Wednesday, July 14, 2021

Finite Structural Analysis

I learned from an architect recently that finite element analysis software is what's to blame for the logjam in giant dome experiments.  

We were all fully expecting Whole Earth Catalog types would be vying for a world record, in terms of height and diameter, if not at Burning Man, then perhaps in the deserts of Arabia (because there's uninhabited land for it, but also engineers used to large scale experiments).

Apparently, large scale domes, big enough to cover small towns at least, would build up anomalous stress points if constructed too regularly, or too strictly by the book, according to some well-known grid pattern.  

Here then that is what we want to test, in building precisely these structures.  

How well does the software predict reality?  You never know until you try it.

Fortunately, the budgets involved are not gargantuan, and the real long term benefits, in terms of gained experiences, are bound to pay off down the road.

We're not talking covered structures necessarily i.e. domes with coverings.  The focus is the skeleton and its pull and push points.  Said skeleton is likely made of repeated sub-triangles, or LCD triangles.  These were the kinds of structures Buckminster Fuller prototyped, when traveling from one university to the next.

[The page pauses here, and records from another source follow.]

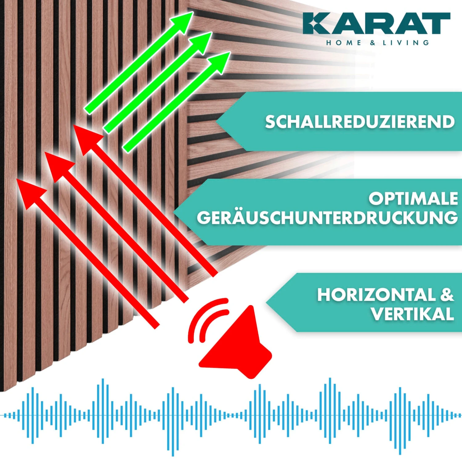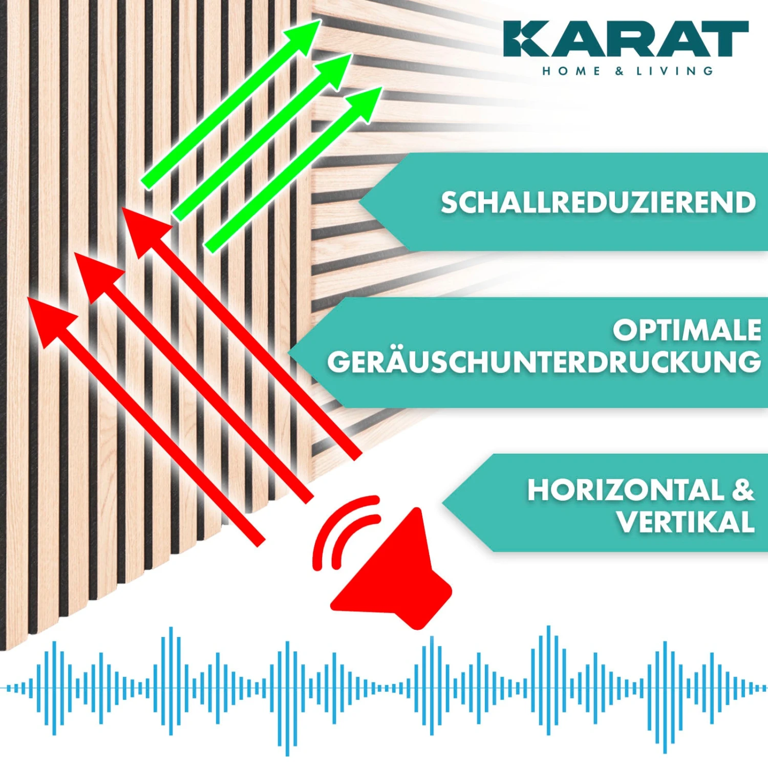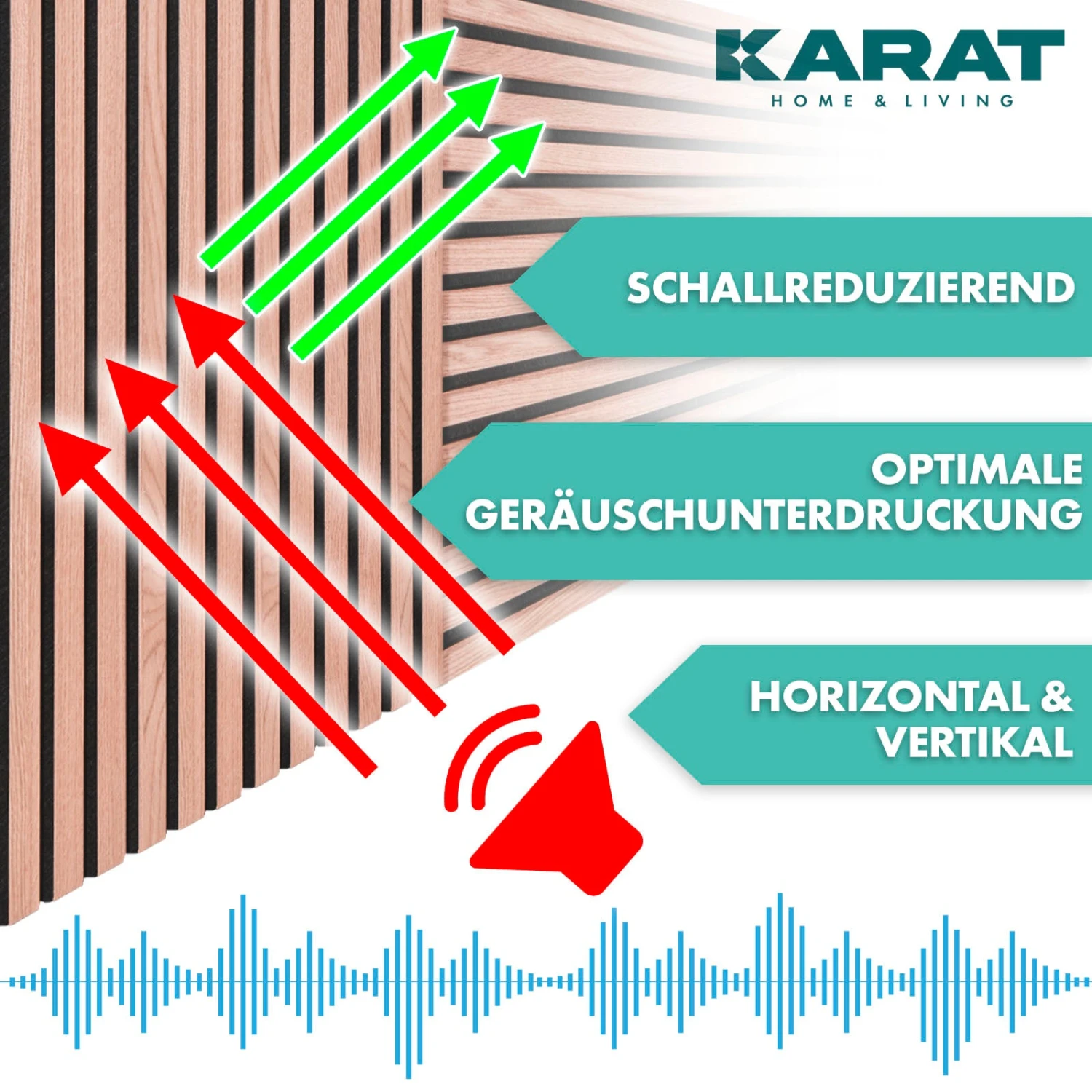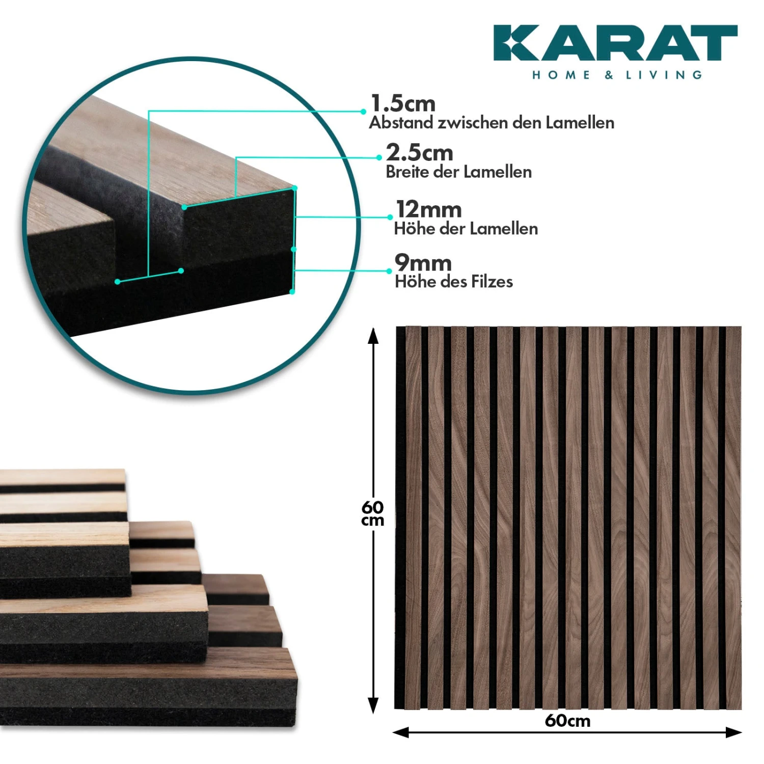 Die Breite der Lamellen beträgt 2,7 cm und der Abstand zwischen den Lamellen liegt bei 1,3 cm, was eine optimale Schallabsorption ermöglicht. Die Plattendicke des Paneels beträgt 2,1 cm, dies gewährleistet eine effektive Schallreduzierung und verbessert die Raumakustik deutlich.
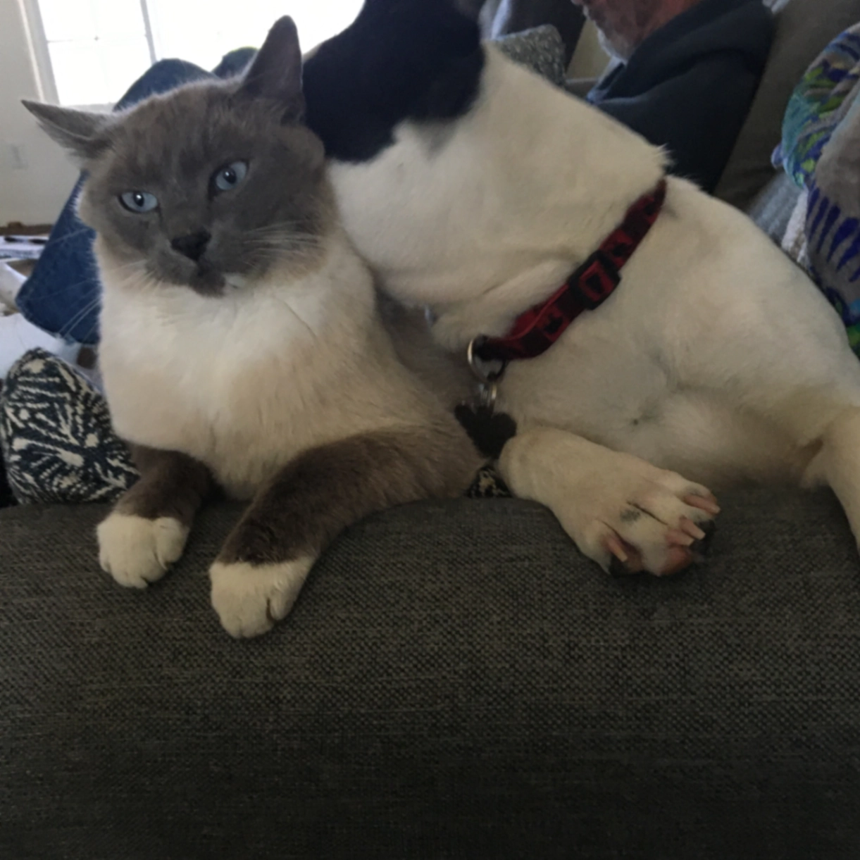 Sammy is a an older Siamese cat. Blue eyes white front paws . Very friendly and affectionate. Gets along big with all animals
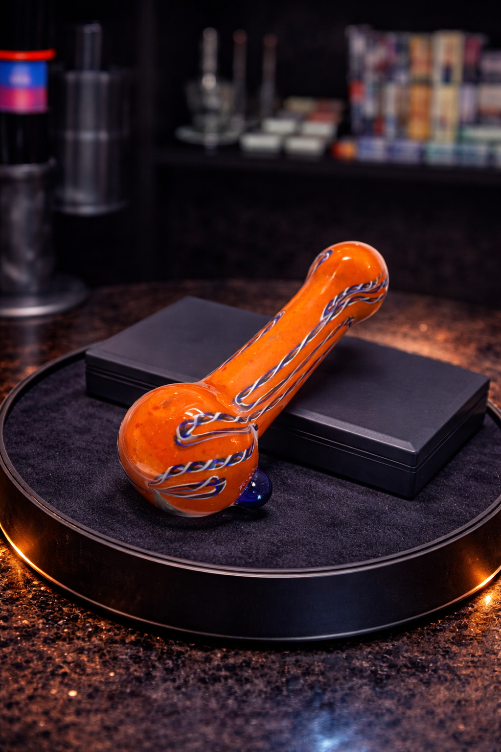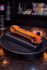 Bright molten-orange glass with deep cobalt accents — bold shelf presence, smooth pull, and built tough for everyday sessions.
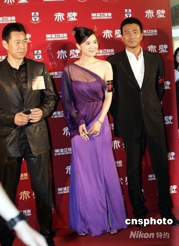 资料图:集内地与港台多位名星打造的电影《赤壁》,三十日晚在香港举办慈善首映礼。内地实力派演员张丰毅(左)、胡军及长相甜美的宋佳出席活动。中新社发 王丽南 摄
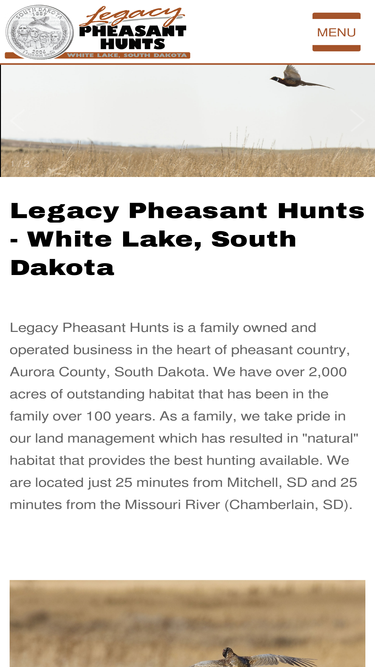 84%Legacy Pheasant Hunts provides South Dakota pheasant hunts 30 miles from Mitchell, SD right off I-90. We have all wild pheasants and offer a genuine and fun South Dakota pheasant hunt!
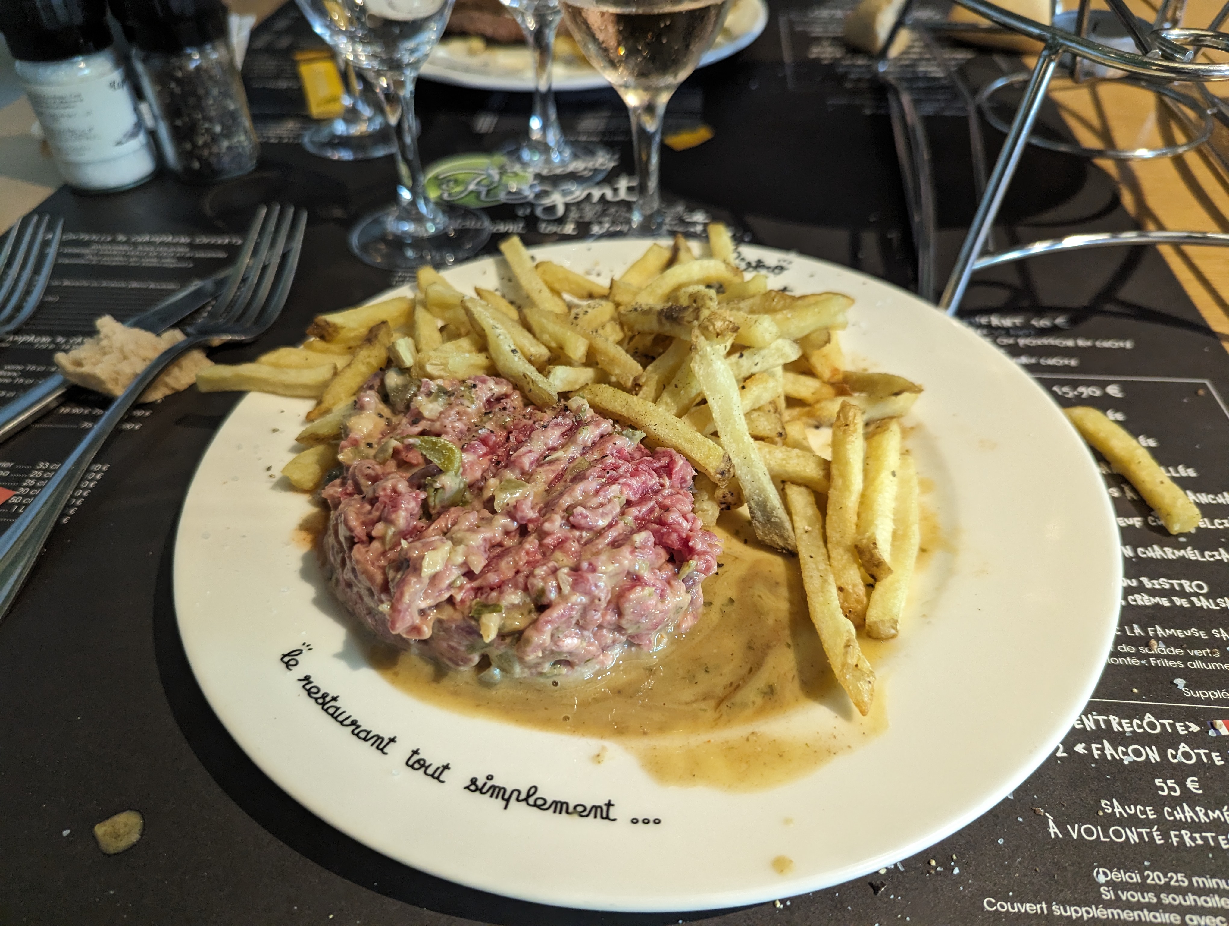Bon restaurant, service rapide et efficace Tout était bon, manque un peu de présentation soignée, les frites étaient bonnes mais clairement elles étaient irrégulières trop de petits yeuxprésent. Le tartare est à tomber 👌👌👌💕 C'est un endroit où j'hésite pas à revenir c'est vraiment excellent
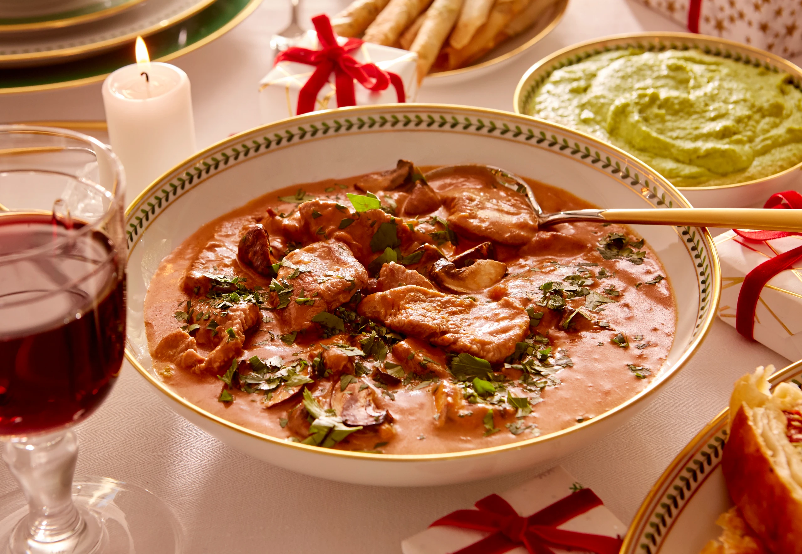 Fleisch in die Sauce geben und kurz erwärmen. Geschnetzeltes mit Petersilie bestreuen und mit dem Püree servieren.
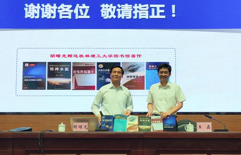 10月9日,胡曙光教授应邀做客“桂工讲坛”,在屏风校区图书馆报告厅作题为“先进水泥基复合材料研究与应用”的学术报告。王敦球校长、王磊副校长热情接待了胡曙光教授,并赠送Beat365中文官方网站联名陨石套装。土木工程学院和材料科学与工程学院师生200余人到场聆听报告会。
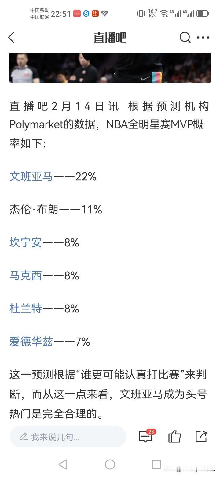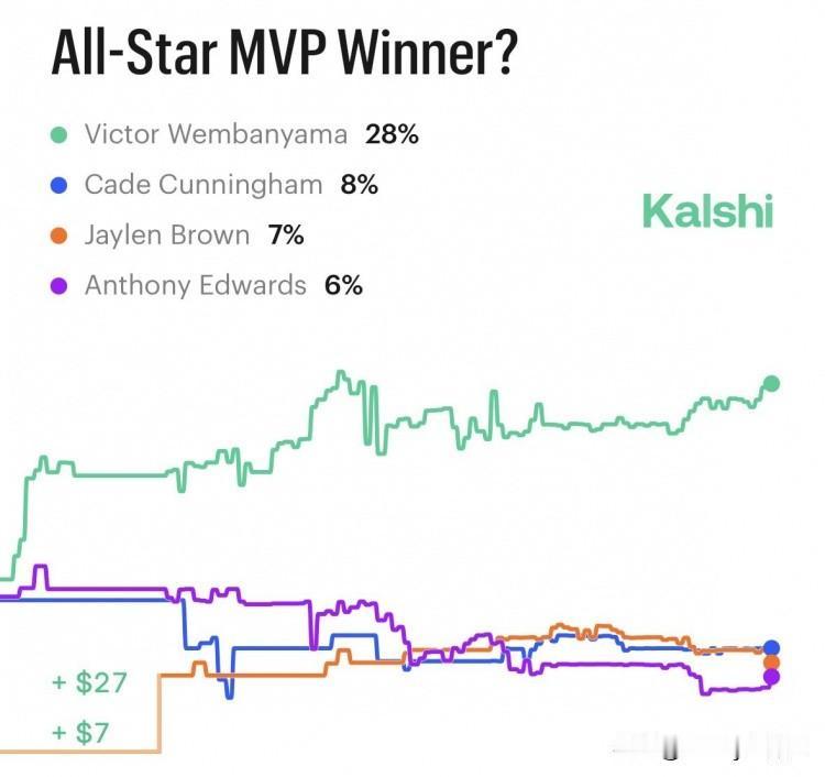 全明星正赛明天将进行,文班亚马将夺MVP? Ploymarket这个预测机构说,文班有22%的概率拿MVP断档领先,布朗、坎宁安和马克西紧随其后。 竞猜平台KalshiSports刚才说,文班亚马 有28%的概率拿下MVP。 同时被两大机构看好,难道真的准? 我看好伦纳德 或者杜兰特 拿下MVP。
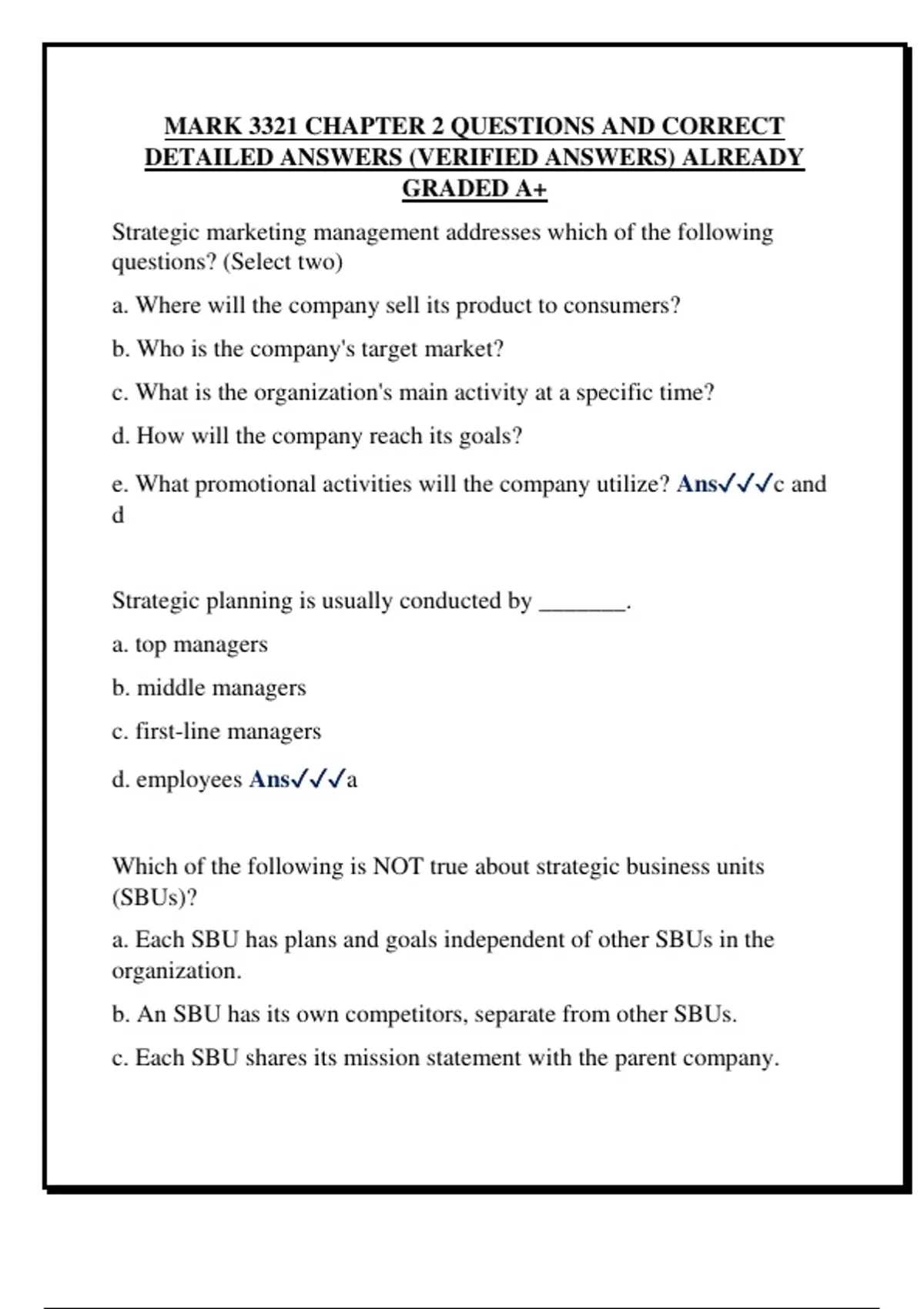 MARK 3321 CHAPTER 2 QUESTIONS AND CORRECT DETAILED ANSWERS (VERIFIED ANSWERS) ALREADY GRADED A+

Although honored in the field of architecture with various prizes and awards, Fuller worried about how much this discipline, supposedly concerned with the problem of sheltering humanity, had become the creature of those mainly seeking to erect monuments to their own egos.  

Skyscraper graveyards dominated the urban landscape, with contemporary humans living homeless in their shadows, in a post-apocalyptic dystopia.  Architecture seemed more about the afterlife, perhaps not surprising given its roots.

Once we get to coverings and enclosures, the more ambitious experiments will be underwater.  How big an underwater dome makes sense, and for what reasons?  Don't let structural analysis software give you premature answers.